Vulcan was born in Pusztahollód, Bihar County, in the Kingdom of Hungary, now Holod, Bihor County, Romania. His father Nicolae was the local Greek-Catholic parish priest from 1831 to 1844. Nicolae was a nephew of Bishop Samuil Vulcan and was born in Șinca Veche to a family originating in Wallachia. His mother Victoria (Viktória) Irinyi came from an old family of Romanian origins called Irimie before its name was Magyarized. The daughter of a schoolmaster from Létavértes (Leta Mare), her brother was János Irinyi. Vulcan's parents had six children, five of whom died early. His father was transferred to the Létavértes parish in 1844 before being named canon in Oradea (Nagyvárad) in 1879. Vulcan was attached to his parents as well as to Létavértes, where his mother is buried. He attended primary school there from 1847 to 1851, returning for his high school and university vacations. In later years, he came back for leisure as his busy schedule permitted.

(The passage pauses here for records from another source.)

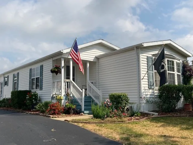Retirement living can be enjoyed in this 55+ adult community! Two bedroom, 2 bath manufactured home has attractive living room and dining room combo with cathedral ceiling~a den/office for privacy~ spacious kitchen with sooo many cabinets and countertop areas...even built in china cabinet..and don't forget bay window~ appliances stay~ double closet in master bedroom~awesome, attached room between house and garage is perfect for relaxing/extra entertainment space~interior freshly painted~ Newer wood laminate flooring and newer carpeting for easy upkeep~hand railings in hall and grab bars in bathrooms extra safety features~1+ car garage~front and back decks~ nicely landscaped yard~Monthly fee includes rent, sewer,water,garbage and basic cable TV~You WILL be happy to call this home and community YOURS!
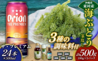 東村を楽しむセット!海ぶどうセット(茎あり)1kg&調味料3種&ザ・プレミアム500ml×24本 海ブドウ 海ぶどう うみぶどう パック 茎あり クビレズタ たれ付き 海鮮 海藻 プチプチ おつまみ オリオン orion ビール オリオンビール 1ケース 酒 常温 沖縄県 東村
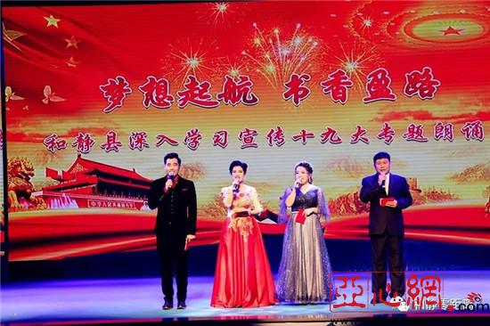 亚心网讯(通讯员 尤晓彤 巴音达来)为进一步宣传贯彻落实党的十九大精神坚定全县各族群众的文化自信,传承中华传统文化,在全县范围内营造良好宣传的氛围,12月22日晚8点,由县委宣传部、县文化体育广播影视局主办,和静县东归图书馆承办的和静县“梦想起航 书香盈路”深入学习宣传十九大专题朗诵会在和静剧院拉开帷幕,此次朗诵盛会是经过全县范围少儿、青少年、成人三场朗诵比赛激烈的角逐,好中选优,最终选送出11组优秀的参赛选手及特邀嘉宾进行的汇报表演,现场共500多名观众观看了本次朗诵会,还通过现场关注微信送礼活动与观众进行互动,活跃了现场气氛。
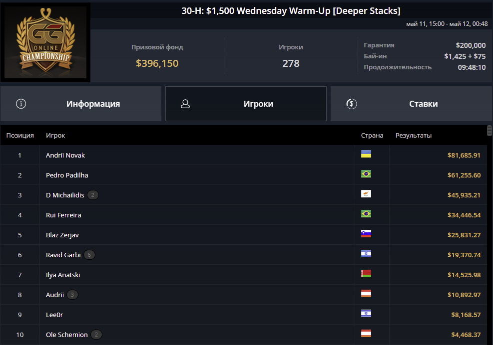 Жоао Симао удерживает первое место в Medium лидерборде. Как пишут бразильские издания, он гриндит турниры GGOC с любыми бай-инами и в первые дни занёс два турнира:
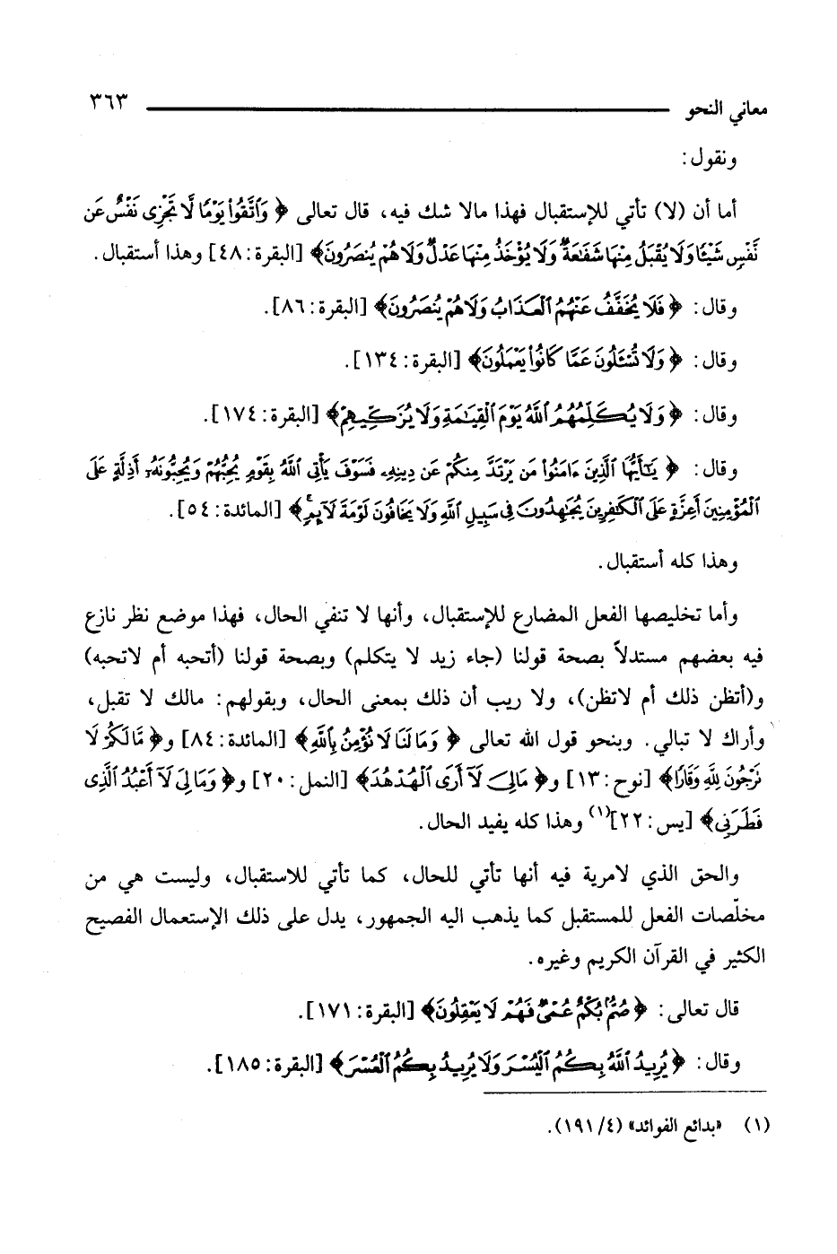 وأما تخليصها الفعل المضارع للاستقبال، وأنها لا تنفي الحال، فهذا موضع نظر نازع فيه بعضهم مستدلا بصحة قولنا (جاء زيد لا يتكلم) وبصحة قولنا (أتحبه أم لا تحبه) و (أتظن ذلك أم لا تظن) ولا ريب أن ذلك بمعنى الحال، وبقولهم: مالك لا تقبل، وأراك لا تبالي، وبنحو قول الله تعالى {ومالنا لا نؤمن بالله} [المائدة: 84]، و {مالكم لاترجون لله وقارا} [نوح: 13]، و {مالي لا أرى الهدهد} [النمل: 20]، و {مالي لا أعبد الذي فطرني} [يس: 22] (¬1). وهذا كله يفيد الحال.
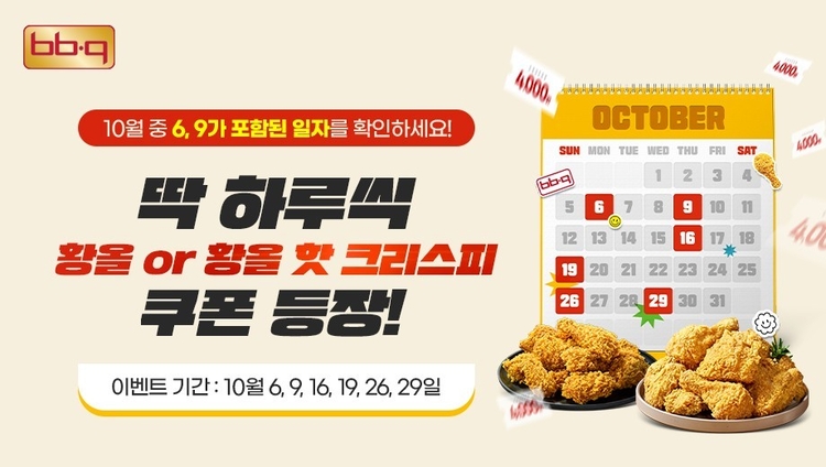 BBQ 관계자는 "669데이는 단순한 할인 이벤트를 넘어 브랜드를 고객과 함께 즐기는 하나의 문화로 자리 잡고 있다"며 "올가을 마지막 669데이 혜택까지 놓치지 마시길 바란다"고 전했다.
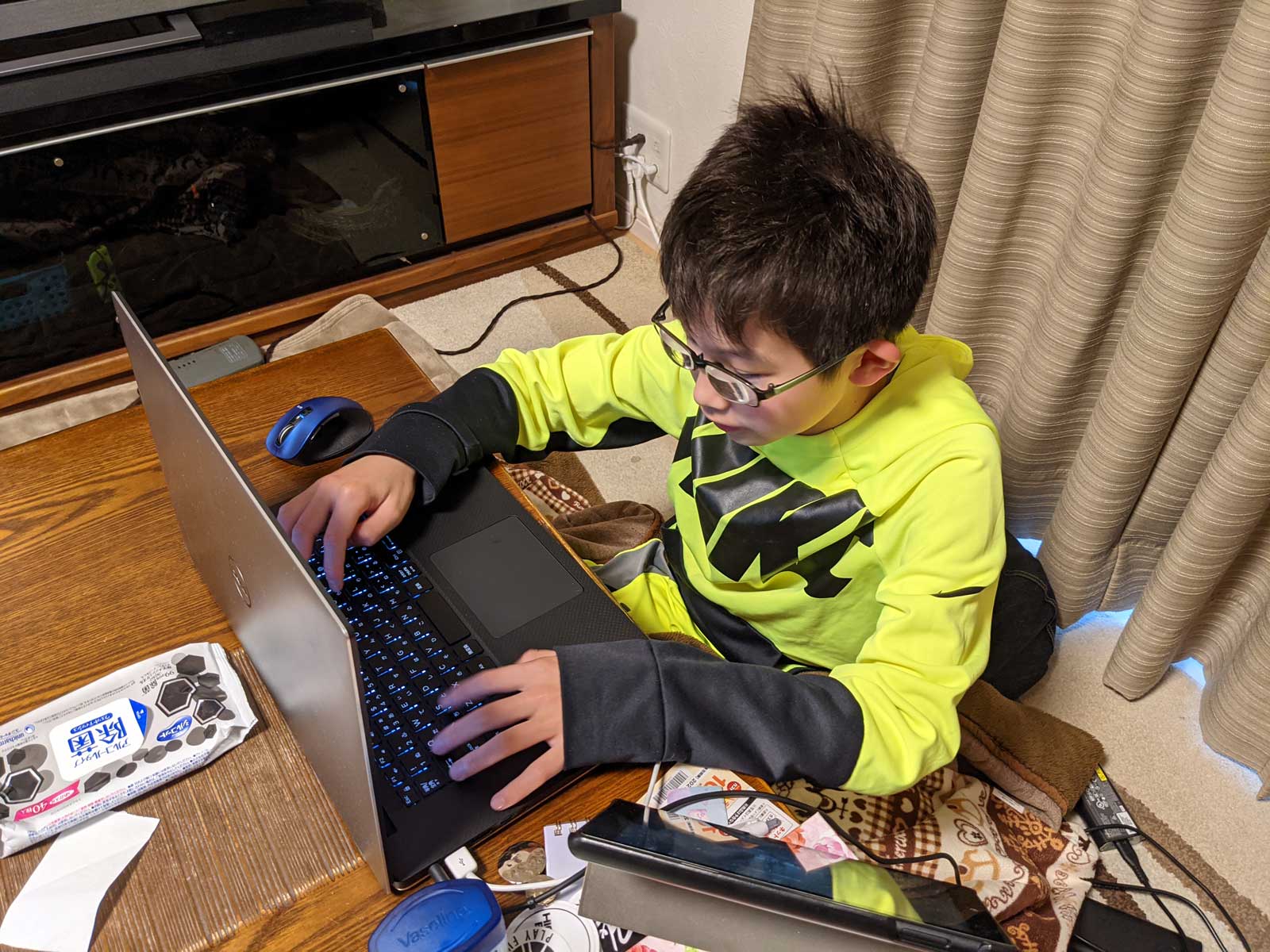 長男はパソコン自体は小学校で触ったり、自分のデスクトップでScratchで遊ばせたり、イータイピングでタイピング練習させたりしたことはあるが、自由にいつでも触れるものではないので、たまにしか触っていない。
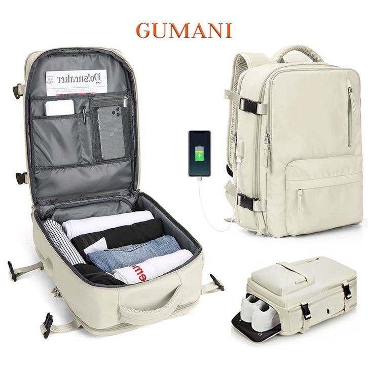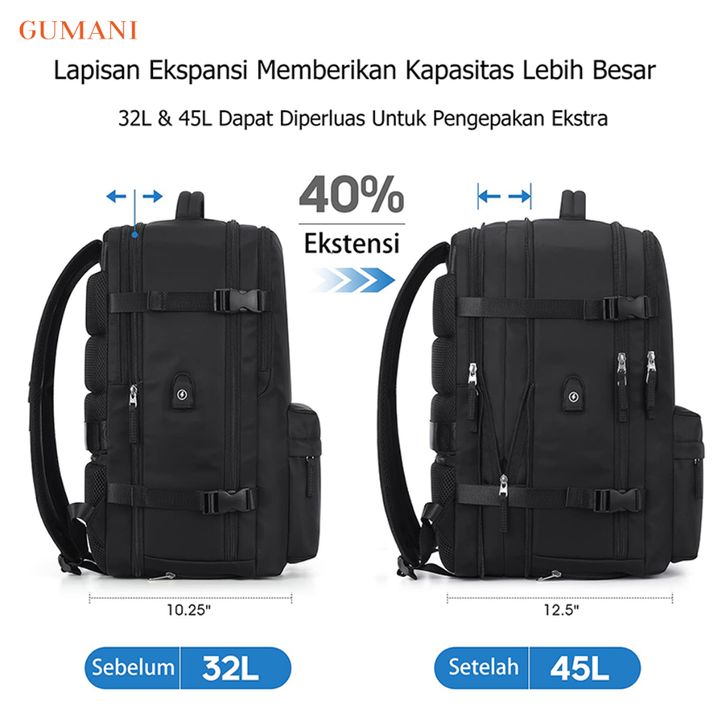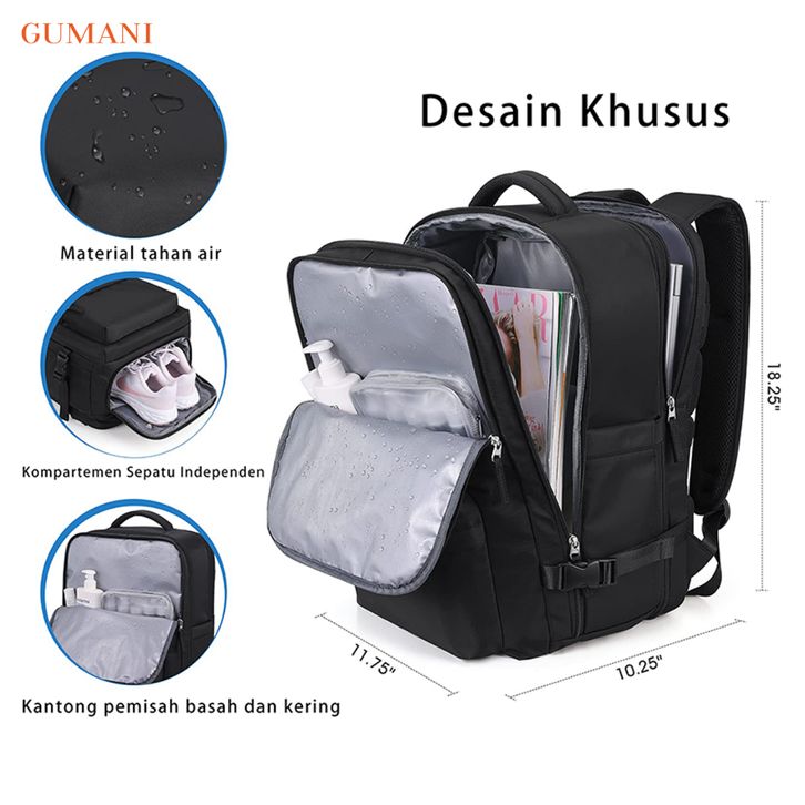 Tas Ransel Traveling Wanita/Pria GUMANI Multifungsi Kapasitas Besar Dengan Ruang Sepatu Terpisah 45L
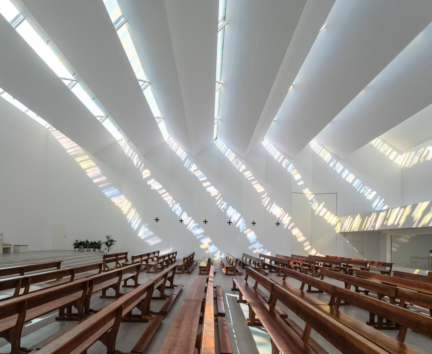 Ubicada a las afueras de Granada, en el barrio de Almanjáyar, esta iglesia presenta una silueta dentada con los siete lucernarios que rematan su cubierta quebrada, proyectando juegos de luces y colores. Desarrollado durante catorce años, el proyecto busca generar una arquitectura sencilla y acogedora para la oración. Con capacidad para doscientas personas y un coste de 1.211.692 euros, la obra está realizada con elementos prefabricados de hormigón. Con una superficie construida de 1.106 metros cuadrados, el conjunto incluye un campanario, un amplio coro, una sacristía y salones parroquiales, adosados a la parte trasera del templo.
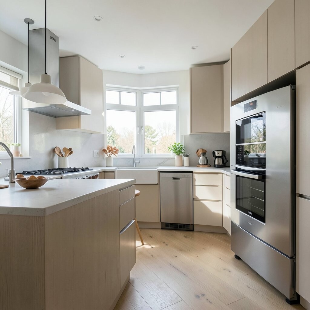 Hidden appliances create a seamless look, making your kitchen appear uncluttered. Integrated fridges and dishwashers blend into cabinetry for a streamlined effect.

He attended the Premonstratensian high school in Oradea from 1851 to 1859, followed by a law degree from the University of Pest; he passed the bar examination, but soon devoted himself to literature. In 1853, while in high school, he helped start a magazine that appeared until 1870. There are poems of his written in Pest in 1859, when he was eighteen. His earliest dated poem, "Câte stele sunt pe ceriuri…", was written at Létavértes on 10 August 1859 and later included in his first volume. He became involved with Gura Satului ("The Voice of the Village") in Pest in 1861 and thereafter with Concordia and Aurora Română. He wrote feuilletons for Concordia, a Romanian political newspaper. Vulcan often spent time in Létavértes during his student days, writing his first love poems there, about a sweetheart who lived in the town.

===Familia and later activity===

Soare cu ploaie ("Sunshower"), a one-act comedy published at Brașov in 1898

He launched Familia literary magazine in Pest-Buda in 1865 and would lead it for some forty years. In 1866, he published his first volume of poetry. The same year, "De-aș avea" ("If I Had"), a poem that marked the proper literary debut of sixteen-year-old Mihai Eminovici, appeared in Familia. Vulcan received it with enthusiasm, publishing him under the more Romanian-sounding name Mihai Eminescu. Vulcan later recounted that the poems sent from Cernăuți in February 1866 were signed "M. Eminovici", and that he, "without asking him, Romanianized his name and published them under the name Eminescu". A good part of the latter's work would continue to appear in Vulcan's magazine until 1883. In 1867, Vulcan visited France, a bold act for a resident of the Austrian Empire, which encouraged German-language education. In 1868, he traveled to Romania. In 1869, in addition to a volume of short stories, he published a biography of Prince Carol, as well as an anthology of writings by Andrei Mureșanu, Ion Heliade Rădulescu, Timotei Cipariu, August Treboniu Laurian, Mihail Kogălniceanu, George Bariţ and Vasile Alecsandri. He showed a sincere admiration for Romania and its prince. In July 1869, he published in Familia an appeal, "Să fondâmu teatru natiunalu" ("Let us found a national theatre"), calling for contributions to a fund for a Romanian-language theatre; among those who answered was the young Eminescu, whose article "Repertoriulu nostru teatralu" appeared in the magazine in January 1870. A preparatory programme signed by Vincențiu Babeș, Iosif Hodoşiu, Petru Mihályi, Alexandru Mocioni and Vulcan followed in March 1870, and the Society for the Creation of a Romanian Theatre Fund was set up at Deva on 4-5 October 1870, with Hodoşiu as president and Vulcan as secretary; from 1870, Familia served as the society's official organ. The fund reported at the society's general assemblies grew from 3,670 florins in 1870 to 54,785 florins in 1890. Vulcan presided over the society from 1895 to 1907; his own comedies remained staples of its amateur network, which staged them 166 times in 112 Transylvanian localities between 1900 and 1906, led by Sărăcie lucie and Ruga de la Chizătău.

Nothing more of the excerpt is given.